Faceva il chierichetto in parrocchia e tornando a casa dopo aver servito alla S. Messa, in una casa lungo il percorso sentì gridare forte persone che litigavano e da una finestra vide buttare qualcosa. Corse a vedere e con meraviglia vide che era una statua di S. Antonio che nella caduta si era rotta un braccio. La raccolse e la portò a casa, aggiustò il braccio come meglio poté e disse alla mamma: “… questo l’ho trovato io e l’avevano buttato, perciò lo voglio nella mia cameretta…”.
Passò un po’ di tempo e Angelo diventò un giovanotto. Purtroppo scoppiò la prima guerra mondiale fu chiamato per fare il soldato e venne mandato al fronte. Tutti sanno che questa guerra fu terribile e disastrosa con tanti morti e feriti. Anche Angelo fu ferito da una granata che gli scoppiò vicino e le schegge lo colpirono alla testa.
Ricevette i primi soccorsi all’ospedale da campo e guarito tornò a combattere nuovamente.
Siccome a Campolongo non erano più al sicuro per l’avanzata austriaca, la popolazione dovette sfollare (in Puglia, n.d.r.) e la famiglia di Angelo portò con sé la statuetta di S. Antonio.
Nel paese dove erano sfollati li ospitò una famiglia dove conobbero una ragazza in procinto di sposarsi che vedendo la statuetta la chiese in dono. Un po’ per riconoscenza e un po’ per renderla felice gliela lasciarono.

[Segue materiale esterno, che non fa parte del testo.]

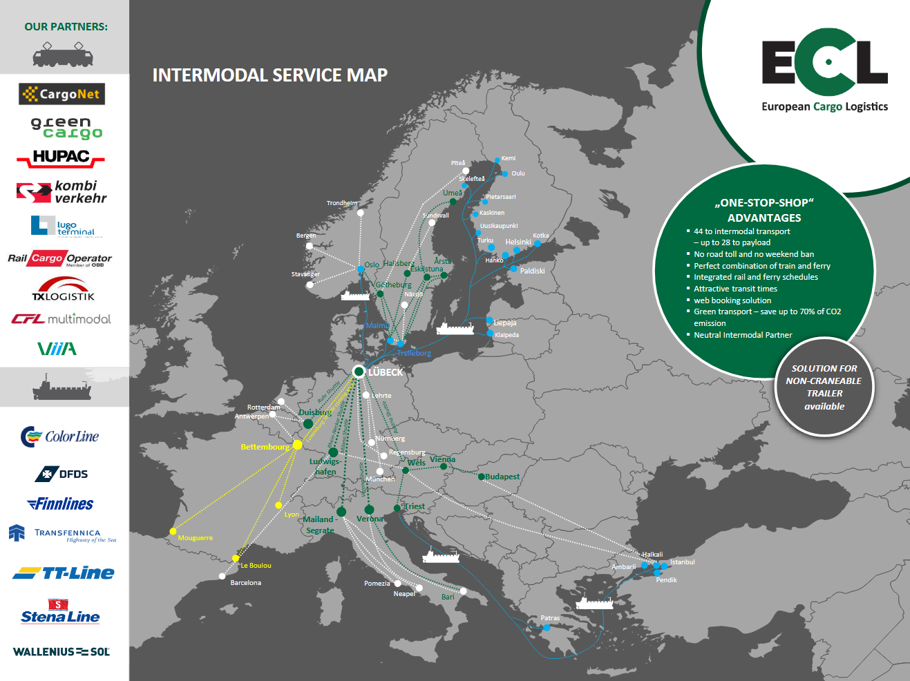 You can also order integrated rail and ferry transports by our intermodal „ONE-STOP-SHOP“ services.
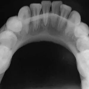 An occlusal x-ray is larger than a usual x-ray. This kind of x-ray highlights tooth development and placement of teeth in children and shows the full arch in either the upper or lower jaw.
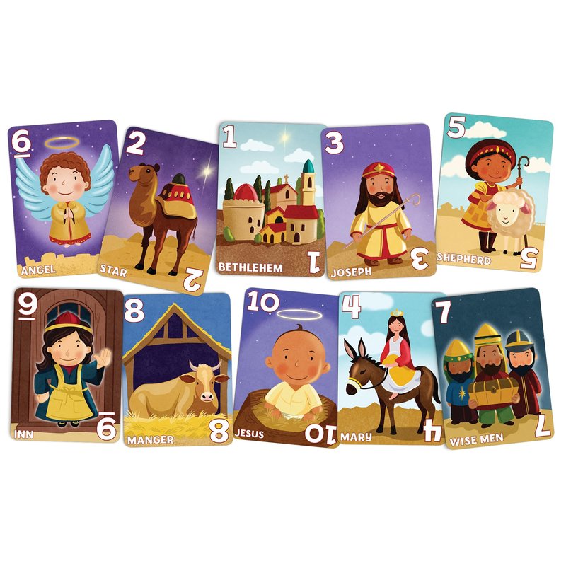 - Christmas Fun: Enjoy a fun, heartwarming twist on classic card games with this adorable version of Go Fish and Old Maid, all in one deck. Featuring iconic images from the nativity story, this game is perfect for family game nights, holiday party, gifts for boys and girls, or stocking stuffers for kids

Angelo fu mandato a combattere su altri fronti e combatté anche in Africa, per tre anni non ricevettero più notizie tanto che tutti pensavano che fosse morto o disperso.
Dopo dieci anni grazie alla protezione di Dio e per intercessione di S. Antonio che amava fu congedato e prese la via del ritorno verso casa. Un suo vicino lo riconobbe e corse avanti gridando a tutti “…Angelo è vivo, non è morto e sta arrivando…”.
La notizia si sparse velocemente e il parroco fece suonare subito le campane. Mentre stava ancora abbracciando la mamma arrivarono il sindaco, il parroco e tanta gente per accompagnarlo in chiesa a cantare il tedeum di ringraziamento.
Alla fine poté andare a riposare nella sua stanza, ma si accorse subito che mancava qualcosa, la statuetta di S. Antonio. Chiese spiegazioni alla sua mamma che gli raccontò come erano andate le cose. Angelo ne rimase rattristato e chiese l’indirizzo per andare il giorno dopo a riprenderla.

Tornando in treno con la statua stretta in braccio come un bambino vide alcune persone che ridevano di lui, ma non gli importava nulla perché pensava che se dopo la bruttezza della guerra e i massacri che aveva visto era ancora vivo era certo che era anche grazie alla protezione del Santo.
Dopo la morte di Angelo la statuetta rimase nella sua casa per molti anni finché un giorno Franco l’unico nipote che porta ancora il cognome Vialetto chiese a noi tutti di poter portare la statuetta a casa sua a Treviso.
La statuetta non è più a Campolongo ma sono sicura che il Santo da lassù insieme ad Angelo continua a proteggerci e a intercedere per tutti noi e per la pace nel mondo.